Long-time readers of Bargain Sleuth Book Reviews know that I have a thing about the Kennedy family. I find them fascinating, faults and all. So when Triumph Productions contacted me about getting an advanced reader’s copy of a book about Jacqueline Bouvier Kennedy’s life before she met her husband, I jumped at the chance. The book, Jackie’s Paris (Amazon), was released today. I was given a copy of the book in advance in exchange for an honest review.
From Amazon: “She longed for freedom and adventure…but was she truly ready?
Twenty-year old Jacqueline Bouvier is anxious to leave her overbearing family for the chance to study in Paris. Aching for freedom from difficult family relationships–and the constant pressure to find a husband–she wants to submerge herself in academics, the arts, and all Paris has to offer. As she sets sail, she has no interest in falling in love. However, her striking beauty catches the eyes of Paris’ most elite bachelors–and a mysterious rogue. Before long, Jackie is swept into a whirlwind romance, as unexpected as it is extravagant. But doubts creep in. Is she ready for love, and would she truly consider building a life so far from her family? Confusing her even more is the attraction she’s fighting to a man wrapped in mystique and questionable intentions.

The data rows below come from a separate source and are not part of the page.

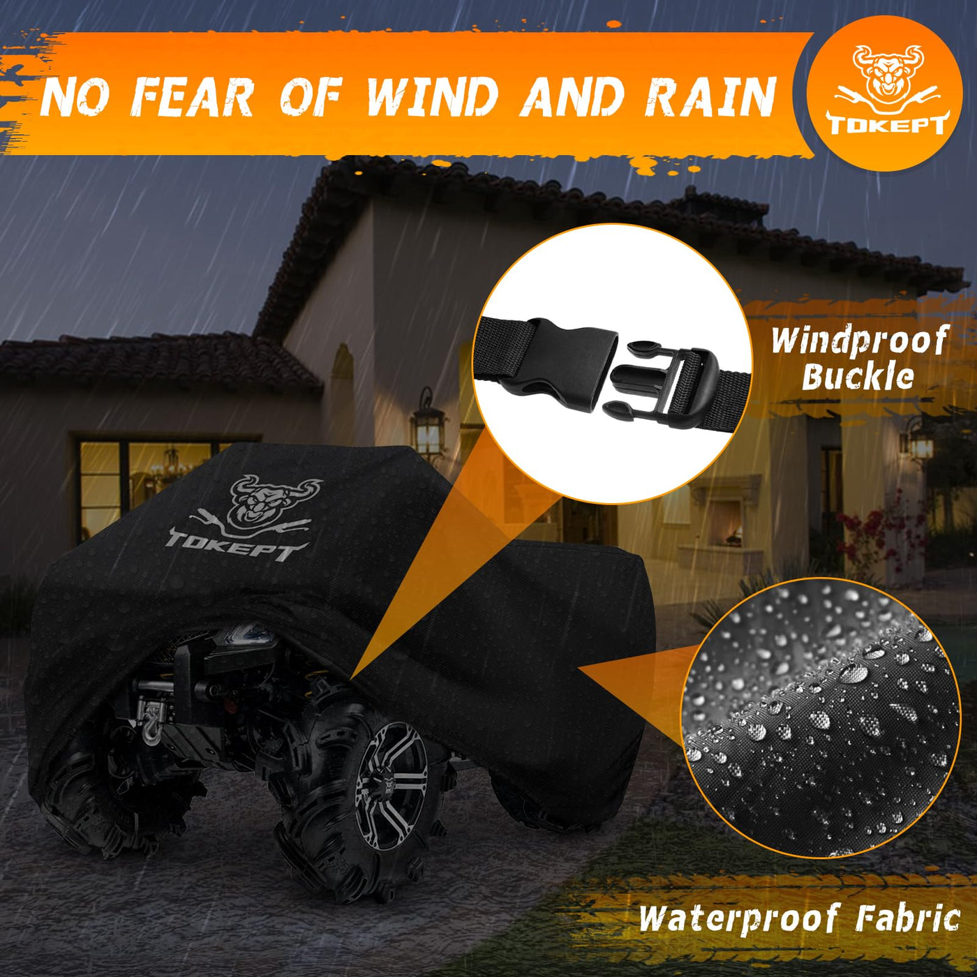 Q: Is the Tokept ATV Cover waterproof?A: Yes, the Tokept ATV Cover features multi-layer protection with a built-in waterproof coating, PU coating, and UV coating, ensuring maximum protection from rain, snow, and harsh weather conditions.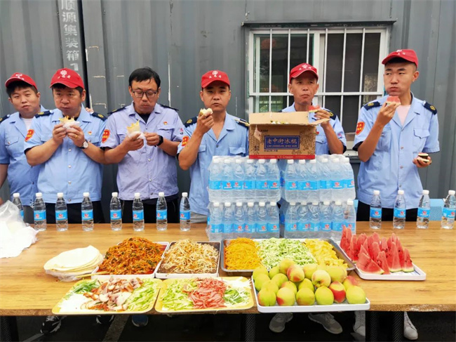 為了保障駕駛員在高溫天氣下,以飽滿的工作狀態(tài)更好的為廣大乘客服好務(wù),車隊密切關(guān)注駕駛員的精神狀態(tài)和身體健康情況,做好駕駛員生理心理健康監(jiān)測工作,加強(qiáng)對駕駛員心理健康的培訓(xùn)和疏導(dǎo)工作。同時,為了調(diào)動廣大駕駛員工作積極性,以更加飽滿的精神狀態(tài)為乘客提供文明規(guī)范的服務(wù),車隊從關(guān)心職工出發(fā),持續(xù)為職工“送清涼 ”、為職工提供礦泉水,西瓜、雪糕,鮮桃做好防暑降溫工作。值得一提的是,三伏第一天,211.222車隊還很應(yīng)景的為職工提供了“烙餅攤雞蛋”和豬頭肉、香腸、魚香肉絲、豆芽炒粉,卷菜等菜品,提高餐品質(zhì)量提升職工用餐滿意度。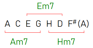 ➠ Tornyozzunk most további terceket az Am7 akkordra: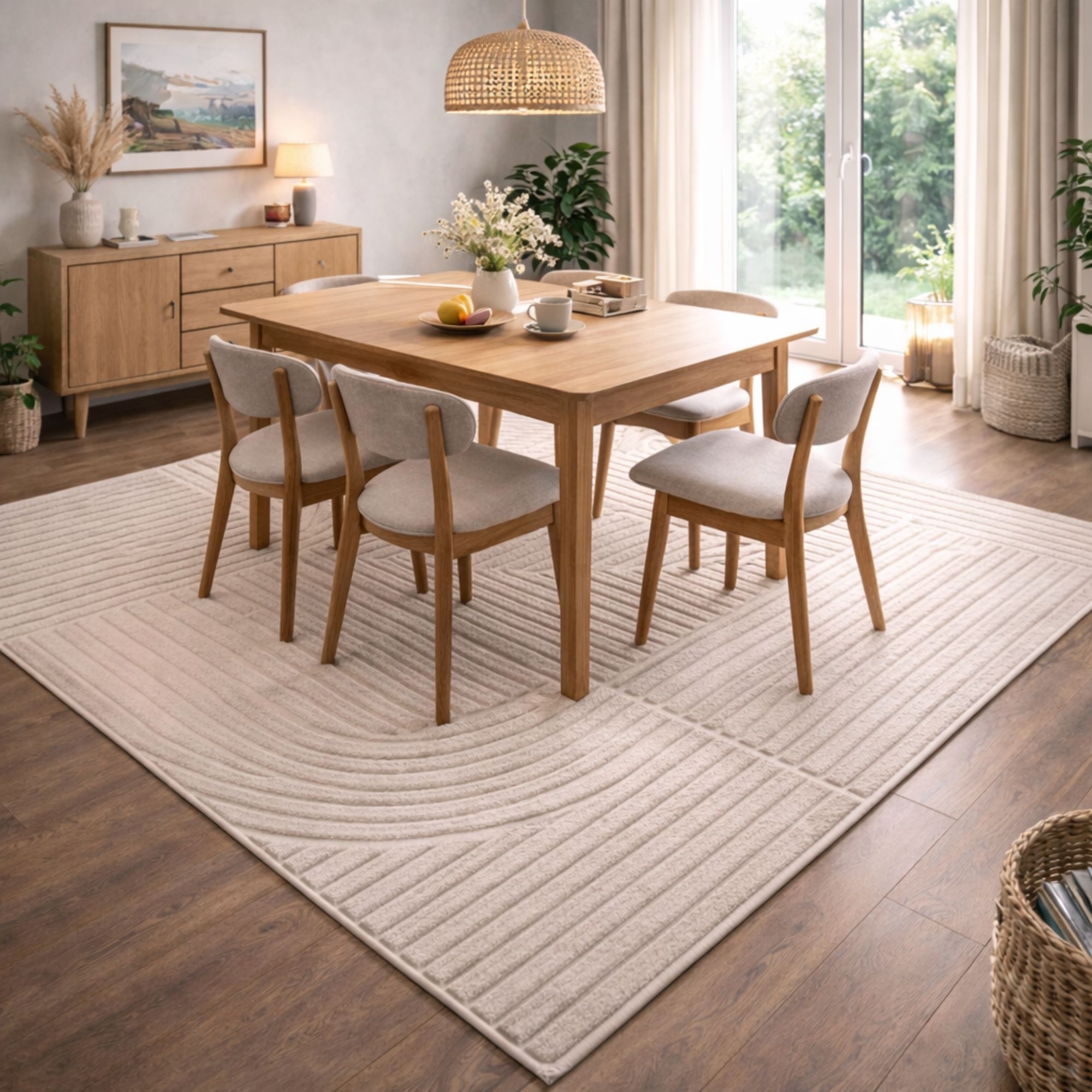 Forside » Indretning » Dekorationer » Gulvtæpper Gulvtæppe - 240x340 - Vævet - Cremefarvet med mønster - Elio - Nordstrand Home Nordstrand Home På lager Trustpilot Levering Antal Levering til kantsten (0,00) Gulvtæppe - 240x340 - Vævet - Cremefarvet med mønster - Elio - Nordstrand Home DKK Se mere fra: Nordstrand Home Artikelnummer: TA1024-16 Se vores store udvalg af kunstige planter og blomster Se vores udvalg af måtter Se vores store udvalg af alt til din boligindretning Har du spørgsmål til produktet? Flot gulvtæppe med tæt vævning og flot strukturPerfekt størrelse til stue eller ved sengenElegant tone-i-tone design med bløde former Type: Kort luv gulvtæppe Størrelse: 240x340 cm Tykkelse: 12 mm Farve: Creme ensfarvet Design: Elio Materiale: 50% PP (polypropylen) og 50% PES (polyester) Bagside: Jute Anvendelse: Indendørs Brand: Nordstrand Home Antal punkter/m2/tætvævet: 76.800 Anbefalet vedligeholdelse: Støvsugning & fugtig klud Certificering: STANDARD 100 by OEKO-TEX® (11.HTR.94219). Din garanti for at produktet er fri for sundhedsskadelig kemi. Savner du en enkel og nem måde at skabe noget helhed i dit hjem? Så kan dette ekstra store gulvtæppe kan være dét element, der binder indretningen sammen. Dette flotte, store moderne gulvtæppe kan nemt løfte hele rummets udtryk - og kan det bl.a. fordi det kombinerer komfort, slidstyrke og et stilfuldt grafisk design i én løsning. Det lyse tone-i-tone mønster med bløde, organiske buer pifter hjemmet op, og passer perfekt ind i både nordisk og minimalistisk indretning. Den cremefarvede nuance giver rummet et lyst og indbydende udtryk og fungerer flot sammen med alt fra lyse træsorter og beige toner til mere kontrastfyldte omgivelser. Et gulvtæppe som er velegnet til både stue, soveværelse eller kontor, hvor du ønsker en blød og rar overflade. Den kort- til mellemluvne kvalitet gør tæppet nemt at holde rent, da støv og snavs har svært ved at trænge ned i fibrene. Regelmæssig støvsugning er nok for at bevare det flotte udseende. Med dette flotte gulvtæppe får du altså noget, som både er stilrent og slidstærkt, og som kombinerer moderne design med komfort – ideelt til dig, der ønsker et dekorativt og praktisk tæppe til hjemmets mindre områder. Se vores store udvalg af forskellige boligtekstiler lige her Med Nordstrand Home er du sikret boligtekstiler i dansk design - i nordisk stil. Nordstrand Home lægger stor vægt på følelsen af velvære i et flot, men samtidig, afslappende miljø. Med Nordstrand Home behøver du ikke gå på kompromis, du finder altid produkter i klassiske og moderigtige farver. Nordstrand Home – Så føler du dig hjemme! Tilbage til Gulvtæpper

Jackie’s time in Paris will leave her with a wealth of memories, life-long friendships, unconventional adventures, and intense scars from heartaches. Heartaches and lessons that will unknowingly prove more useful for her future than she could ever have imagined.”
It would be right to call this a love triangle, a quadrangle actually. When Jackie arrives in France, she meets three men: Paul, a handsome man who is cousin to someone she knows from home, Philip, a very dashing and rich young man, and Marceau, a man of mystery that sweeps Jacqueline off her feet. We know she won’t end up with any of the men long-term, but who will hold her attention the most? That is the question.

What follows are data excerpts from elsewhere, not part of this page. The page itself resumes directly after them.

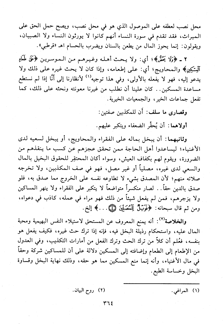 وثانيهما: أن يبخل بماله على الفقراء والمحاويج، أو يبخل لسعيه لدى الأغنياء؛ ليساعدوا أهل الحاجة ممن تحقق عجزهم عن كسب ما ينقذهم من الضرورة، ويقوم لهم بكفاف العيش، وسواء أكان المحتقِر للحقوق البخيل بالمال والسعي لدى غيره، مصليًا أو غير مصل، فهو في صف المكذبين، ولا تخرجه صلاته منهم؛ لأن المصدق بشيء لا تطاوعه نفسه على الخروج مما صدق به، فلو صدق بالدين حقًا .. لصار منكسرًا متواضعًا لا يتكبر على الفقراء ولا ينهر المساكين ولا يزجرهم، فمن لم يفعل شيئًا من ذلك فهو مراء في عمله، كاذب في دعواه، ومن ثم قال سبحانه: {فَوَيْلٌ لِلْمُصَلِّينَ (4) ...} إلخ.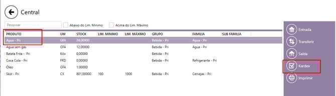 Para conferir o histórico de movimentação de um produto dentro do armazém, é possível verificar no Kardex.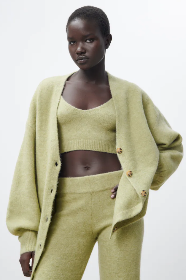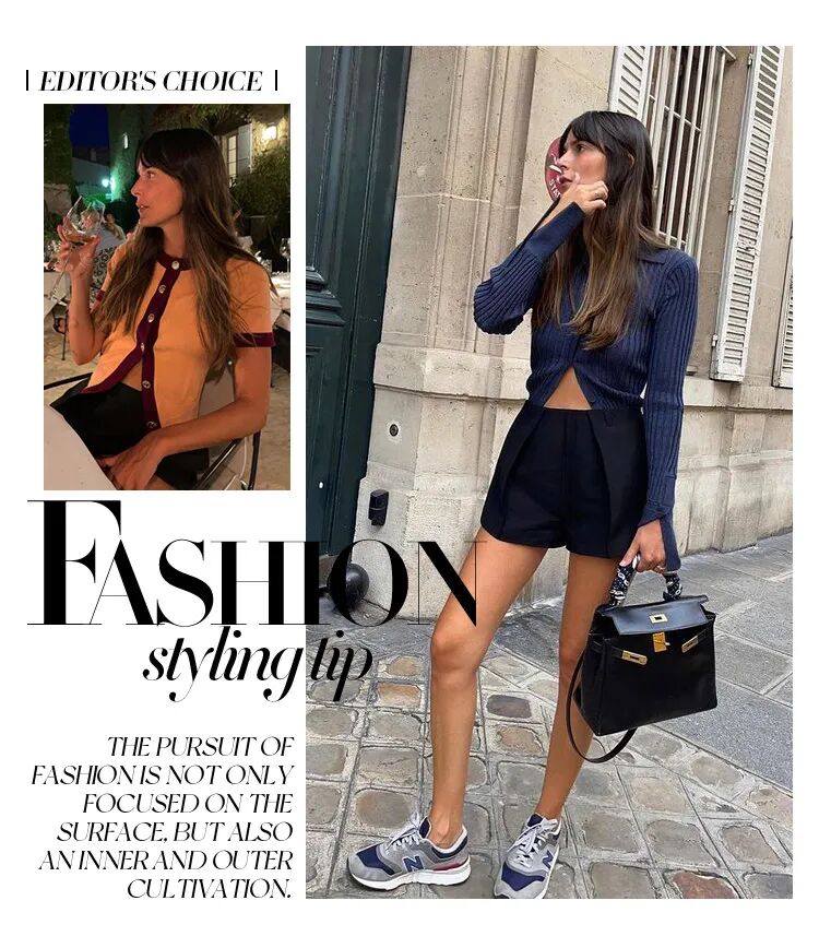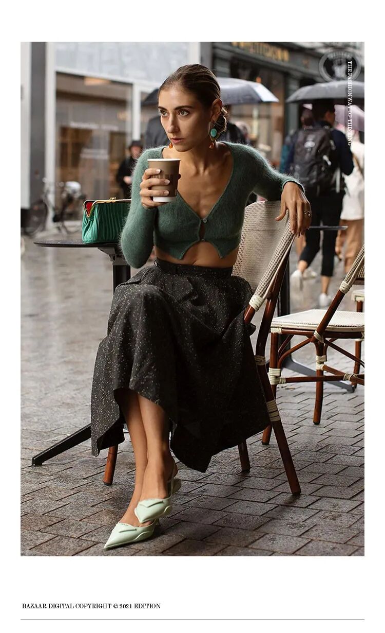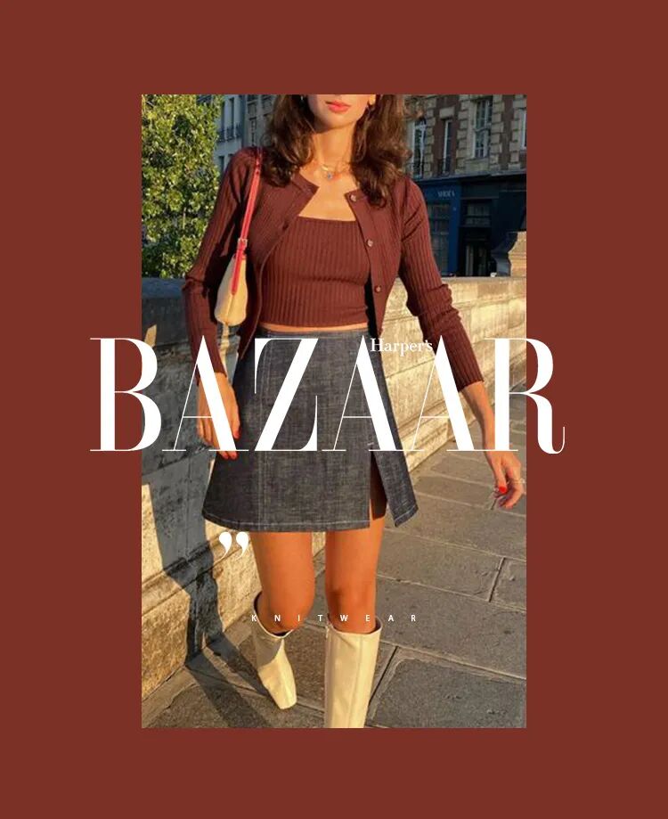 针织面料的特殊纹理让穿搭有一种居家般轻松的氛围感,针织的亲和力让露肤度较高的搭配有了节制的平衡。

As Jacq-kleen (how she preferred her name pronounced after hearing it said that way in France) attends her classes and socializes with the men, we are treated to a Jackie that isn’t that much different than the one the public thought they knew. She was raised to be a proper lady, which means wearing gloves and not speaking out of turn and proper introductions and no behavior that would reflect poorly on her family.

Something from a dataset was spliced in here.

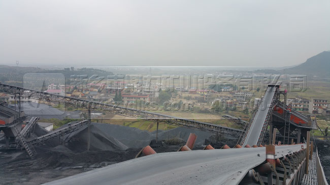 時產400-500噸砂石料生產線配置方案:PCZ1615重型錘式破碎機、ZG1528振動給料機、3YKZ2670振動篩等等

For the most part, Jackie behaves. Soon, it is apparent that Paul will have to be happy to have her just as a friend, because she thinks of him more like a brother. Philip is handsome and charming and is always one to have grand sweeping gestures, like private tours of museums and grand dinner parties. Jackie likes Phillip, but there’s no real spark for her. She’s got her heart set on Marceau, a man she barely knows (I can’t remember if his last name is ever given), who leaves just as mysteriously as he appears.
There are several times in the text where we’re reminded that Jacqueline will one day be married to the most powerful man in the world. In chapter 8, she admits “…she was thrilled that Philip was trying too hard–especially with a private tour of Versailles. Such a stark contrast to Marceau’s actions, and Jackie believed she deserved to be treated like royalty. Though she couldn’t ensure that her feelings toward Philip would change because of this.” Here we see the sense of entitlement that she was raised with, in the upper echelon of society.
During Jackie’s time in France, she matured from the one who pulled pranks at school, to the level-headed beauty who spoke carefully and although she admitted to hating politics, had a natural affinity for it. In chapter 11 it is revealed that “she’d changed in only a few short months. She’d mastered the art of telling white lies and had become proficient at both sneaking around Paris at night and at guarding secrets.” Jacqueline worried she would become unrecognizable to her friends and family when she returned to the U.S. in the spring.
As many young people learn, Jackie gets burned at sharing her innermost thoughts and dreams and secrets. It was at this tender age that she decided she could never trust another person with her deepest darkest thoughts and internalize her emotions for private consumption.
There was a great nod to the real Jackie in Chapter 13, when she visits the Mona Lisa. She had seen the famous painting several times and was always awed by it. She wondered if some day the painting would make it’s way to the United States so more people could see it because not everyone could make a trip to Paris. This is in fact something Jacqueline did during her time as First Lady; she arranged for the Mona Lisa to be loaned to the U.S. for a short time.
Jackie realizes she can’t stay with Philip. He’s simply too needy, and in constant need of praise. Although she realizes she will miss the sort of lifestyle she’d grown accustomed to whenever she was with him. She always had the best service, the best food, and in the grandest places. Her heart really does belong to Marceau, but he’s got secrets of his own that are revealed and make the match impossible.
There was a line late in the book that stuck out to me. After the climactic events unfold, Jackie realizes that “Maintaining my dignity is the best tribute I can give.” And isn’t that the way we always remember Jacqueline Bouvier Kennedy Onassis? A woman of great dignity at all times, in times of tragedy and times of joy.
You don’t have to be a big fan of the Kennedys to like this book. If you can enjoy France in the late 1940’s, and like a light romance, this book is for you. I can’t wait for the next volume in this new series!